The modulated pulses are shown below. The trailing pulses have been modulated as well.

Modulated white noise pulses

Finally, we can scale the sequence so that the maximum modulated pulse is of unit magnitude.

max_noise = max(abs(max(mod_noise)),abs(min(mod_noise)))
mod_noise = [mod_noise[i]/max_noise for i in range(Npulse)]

The scaled, modulated pulses are shown below.

Scaled, modulated white noise pulses

The following code tests a uniaxial material with the white noise contained in the mod_noise list. I used Steel02, but you can use whatever material you like.
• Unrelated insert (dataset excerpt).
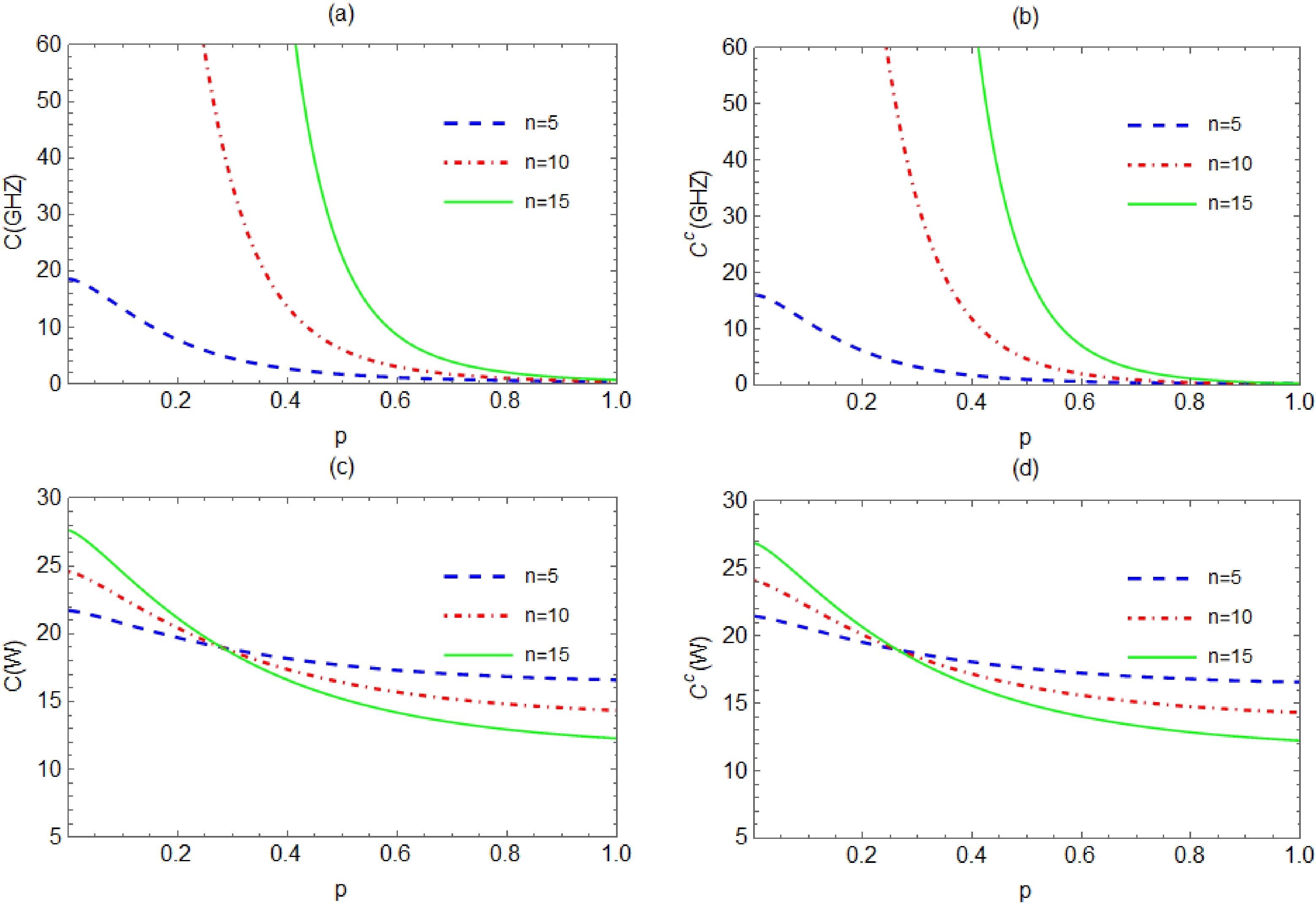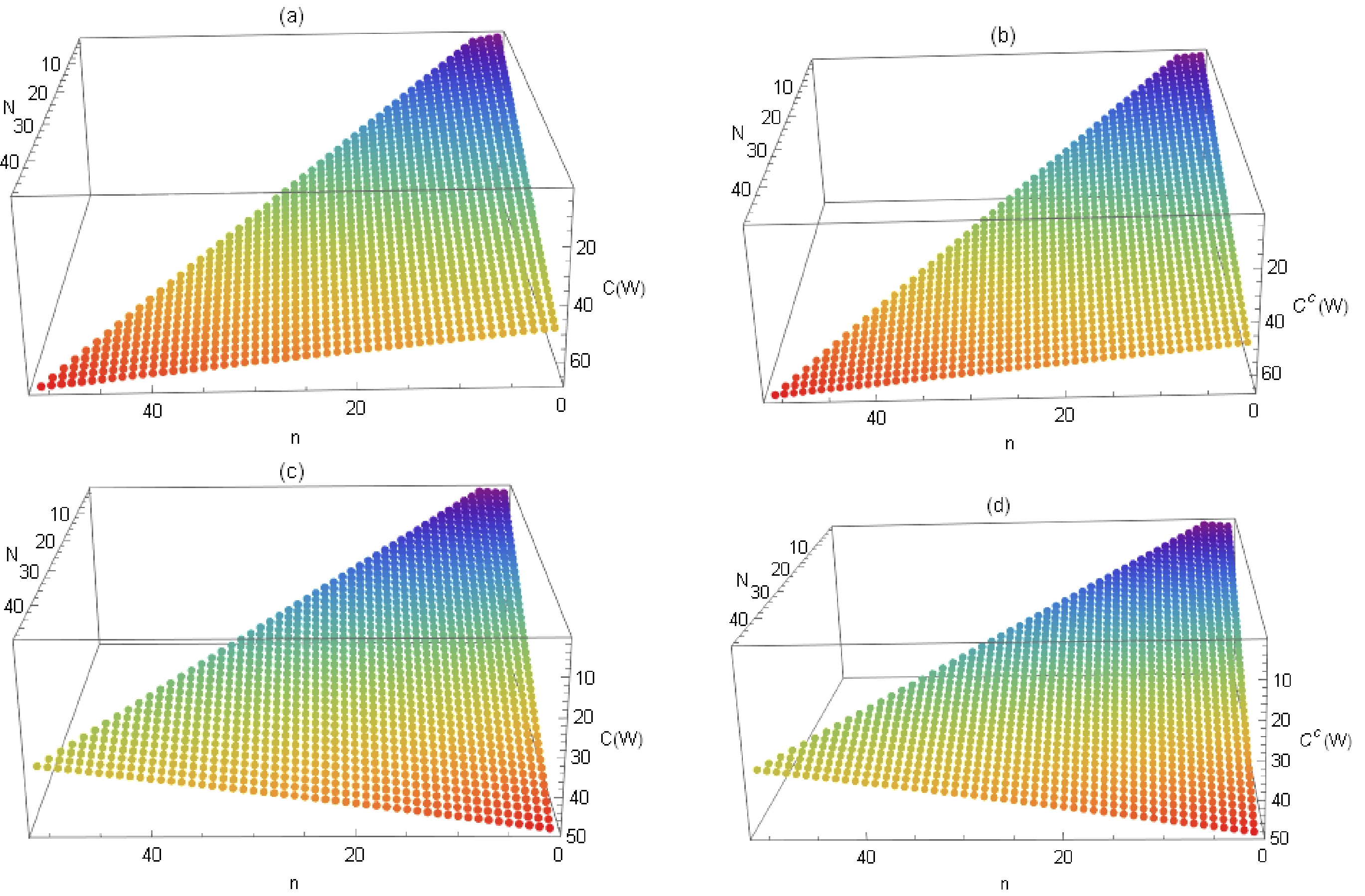 In this section, we discuss the extension of the tripartite systems to N-partite systems (N $ \geq 3 $ ). The N-partite GHZ and N-partite W states can be written as$ \begin{split} |GHZ\rangle_{123\cdot\cdot\cdot N}=\;& \frac{1}{\sqrt{2}}(|0\rangle_{{\rm{BD}}, 1}|0\rangle_{{\rm{BD}}, 2}...|0\rangle_{{\rm{BD}}, (N-1)}|0\rangle_{{\rm{BD}}, N} \\ &+ |1\rangle_{{\rm{BD}}, 1}|1\rangle_{{\rm{BD}}, 2}...|1\rangle_{{\rm{BD}}, (N-1)}|1\rangle_{{\rm{BD}}, N}), \end{split} $  (61) $ \begin{aligned}[b] |W\rangle_{123\cdot\cdot\cdot N}=&\frac{1}{N}(|1\rangle_{{\rm{BD}}, 1}|0\rangle_{{\rm{BD}}, 2}..|0\rangle_{{\rm{BD}}, (N-1)}|0\rangle_{{\rm{BD}}, N}\\ &+|0_{{\rm{BD}}, 1}|1\rangle_{{\rm{BD}}, 2}...|0_{{\rm{BD}}, (N-1)}|0\rangle_{{\rm{BD}}, N}+\cdot\cdot\cdot\\ &+|0_{{\rm{BD}},1}|0\rangle_{{\rm{BD}}, 2}...|0\rangle_{{\rm{BD}}, (N-1)}|1\rangle_{{\rm{BD}}, N}), \end{aligned} $  (62) where the mode i ( $ i=1, 2, ..., N $ )) is observed by observer$ O_i $ in de Sitter space$ {\rm{BD}}_{i} $ . Now, we assume that n ($ 2\leq n\leq N-1 $ ) observers are in the different L regions of the expanded de Sitter spaces and$ N-n $ observers are in the global charts of the other de Sitter spaces. Through a series of calculations, we obtain N-partite coherence of the GHZ and W states as$ \begin{split} \qquad C({\rm GHZ})=&\frac{1}{2}\bigg\{2\bigg[\frac{(1 - |\gamma_{p}|^{2})^{\frac{3}{2}}}{\sqrt{2}}\sum\limits_{m=0}^{\infty} |\gamma_{p}|^{2m}\sqrt{m + 1}(|\gamma_{p}|+1)\bigg]^{n}\\ &+\bigg[1+(1-|\gamma_{p}|^{2})^{2}\sum\limits_{m=0}^{\infty} |\gamma_{p}|^{2m+1}\\ & \sqrt{m+1}\sqrt{m+2}\bigg]^{n}-1\bigg\}, \end{split} $  (63) $ \begin{aligned}[b] C(W)=&\frac{1}{N}\bigg\{n(1-|\gamma_{p}|^{2})^{2}\sum\limits_{m=0}^{\infty}\sqrt{m+1}\sqrt{m+2}|\gamma_{p}|^{2m+1}\\ & +2n(N-n)\frac{(1-|\gamma_{p}|^{2})^{\frac{3}{2}}}{\sqrt{2}}\sum\limits_{m=0}^{\infty} |\gamma_{p}|^{2m}\sqrt{m+1}\\ &(|\gamma_{p}|+1)+n(n-1)[\frac{(1-|\gamma_{p}|^{2})^{\frac{3}{2}}}{\sqrt{2}}\sum\limits_{m=0}^{\infty} |\gamma_{p}|^{2m}\\ &\sqrt{m+1}(|\gamma_{p}|+1)]^{2}+(N-n)(N-n-1)\bigg\}. \end{aligned} $  (64) After tedious but straightforward calculations, the correlated coherence of the GHZ and W states reads as $ \begin{split} C^{c}( GHZ)=&\frac{1}{2}\bigg\{2\bigg[\frac{(1-|\gamma_{p}|^{2})^{\frac{3}{2}}}{\sqrt{2}}\sum\limits_{m=0}^{\infty} |\gamma_{p}|^{2m}\sqrt{m+1}(|\gamma_{p}|+1)\bigg]^{n}\\&+\bigg[ 1+(1-|\gamma_{p}|^{2})^{2}\sum\limits_{m=0}^{\infty} |\gamma_{p}|^{2m+1}\sqrt{m+1}\sqrt{m+2}\bigg]^{n}-1\\&-n(1-|\gamma_{p}|^{2})^{2}\sum\limits_{m=0}^{\infty} |\gamma_{p}|^{2m+1}\sqrt{m+1}\sqrt{m+2}\bigg\}, \end{split} $  (65) $ \begin{split} C^{c}(W)=&\frac{1}{N}\bigg[2n(N-n)\frac{(1-|\gamma_{p}|^{2})^{\frac{3}{2}}}{\sqrt{2}}\sum\limits_{m=0}^{\infty} |\gamma_{p}|^{2m}\sqrt{m+1}(|\gamma_{p}|+1)\\& + n(n-1)[\frac{(1-|\gamma_{p}|^{2})^{\frac{3}{2}}}{\sqrt{2}}\sum\limits_{m=0}^{\infty} |\gamma_{p}|^{2m}\sqrt{m+1}(|\gamma_{p}|+1)]^{2}\\& +(N-n)(N-n-1)\bigg]. \end{split} $  (66) As shown in Eqs. (63)−(66), N-partite (correlated) coherence of the GHZ state depends only on the n observers who are in the different L regions of the expanded de Sitter spaces, whereas N-partite (correlated) coherence of the W state depends not only on the n observers but also on the initial N observers. From Fig. 6, we find that the curvature effect enhances N-partite (correlated) coherence. Therefore, the curvature effect is beneficial to N-partite (correlated) coherence in the multiverse consisting of many de Sitter spaces. As shown in Fig. 7 (a)−(b), N-partite (correlated) coherence of the GHZ state increases monotonically with increasing n for any curvature parameter p. Fig. 7 (c)−(d) show that with an increase in n, N-partite (correlated) coherence of the W state increases monotonically for a smaller curvature parameter p, whereas it decreases monotonically for a larger curvature parameter p in the multiverse. From Fig. 8, we find that N-partite (correlated) coherence of the W state increases monotonically with increasing N for any p and n, whereas N-partite (correlated) coherence of the GHZ state is independent of N. We can also see that N-partite (correlated) coherence of the W state increases or decreases monotonically with increasing n depending on the curvature parameter p.   Figure 6. (color online) N-partite coherence and correlated coherence of the GHZ and W states as functions of the mass parameter ν and curvature parameter p for fixed n=10 and N=20.   Figure 7. (color online) N-partite coherence and correlated coherence of the GHZ and W states as functions of the curvature parameter p for fixed $ \nu= 3/2 $ , N = 20 and different n.  Figure 8. (color online) N-partite coherence and correlated coherence of the W state as functions of n and N for $ p=0.1 $ (a) and (b),$ p=0.6 $ (c) and (d). The parameter ν is fixed as$ \nu=3/2 $ .Next, we study the distribution relationship of coherence for N-partite systems in the multiverse. For the N-partite W state, the distribution relationship of the correlated coherence can be written as $ \begin{aligned}[b] & \frac{n(n-1)}{2}C^{c}(\rho_{O} \rho_{O} )+n(N-n)C^{c}(\rho_{O}\rho_{X} )\\ &\quad+\frac{(N-n)(N-n-1)}{2} C^{c}(\rho_{X}\rho_{X})=C^{c}(W). \end{aligned} $  (67) Here, $ C^{c}(\rho_{O}\rho_{O} )=\frac{2}{N}[\frac{(1-|\gamma_{p}|^{2})^{\frac{3}{2}}}{\sqrt{2}}\sum\limits_{m=0}^{\infty} |\gamma_{p}|^{2m}\sqrt{m+1}(|\gamma_{p}|+1)]^{2} $  denotes the bipartite correlated coherence of the modes corresponding to two observers in the L regions of the expanded de Sitter spaces; $ C^{c}(\rho_{O}\rho_{X})= \frac{2}{N}\frac{(1-|\gamma_{p}|^{2})^{\frac{3}{2}}}{\sqrt{2}}\sum\limits_{m=0}^{\infty} |\gamma_{p}|^{2m}\sqrt{m+1}(|\gamma_{p}|+1) $  denotes the bipartite correlated coherence of the modes corresponding to two observers who are in the L region of the expanded de Sitter space and the global chart of de Sitter space, respectively; $ C^{c}(\rho_{X}\rho_{X})= {2}/{N} $ denotes the bipartite correlated coherence of the modes c

import openseespy.opensees as ops

ops.wipe()
ops.model('basic','-ndm',1,'-ndf',1)

ops.node(1,0); ops.fix(1,1)
ops.node(2,0)

E = 29000
Fy = 60
b = 0.02
epsy = Fy/E
epsMax = 4*epsy # Peak strain
ops.uniaxialMaterial('Steel02',1,Fy,E,b)

ops.element('zeroLength',1,1,2,'-mat',1,'-dir',1)

ops.timeSeries('Path',1,'-dt',1,'-values',*mod_noise)
ops.pattern('Plain',1,1,'-factor',epsMax) # Peak strain
ops.sp(2,1,1.0) # Reference value

Nincr = 10 # Analysis steps between each pulse
dt = 1/Nincr
Nsteps = int(Npulse/dt) # Npulse = len(mode_noise)

ops.integrator('LoadControl',dt)
ops.constraints('Transformation')
ops.system('UmfPack')
ops.analysis('Static','-noWarnings')

sig = [0]*Nsteps
eps = [0]*Nsteps
for i in range(Nsteps):
    ops.analyze(1)
    sig[i] = ops.eleResponse(1,'material',1,'stress')[0]
    eps[i] = ops.getLoadFactor(1)

A few things to note with this analysis:

The imposed strain history and Steel02 stress-strain response are shown below.

Steel02 stress-strain history

The response looks pretty good–nothing obviously wrong. But you have to zoom in to see what’s really going on. In general, are there odd jumps in the response? Does the response inexplicably go beyond the envelope? Does the unloading/reloading behavior make sense? If you run this analysis through a memory checker like valgrind, do you leak memory or encounter uninitialized data, e.g., a temporary variable inside a seldom executed code block?

If you have written, or are writing, a UniaxialMaterial model in OpenSees, throw some white noise strain history at your model. You may find some unexpected behaviors.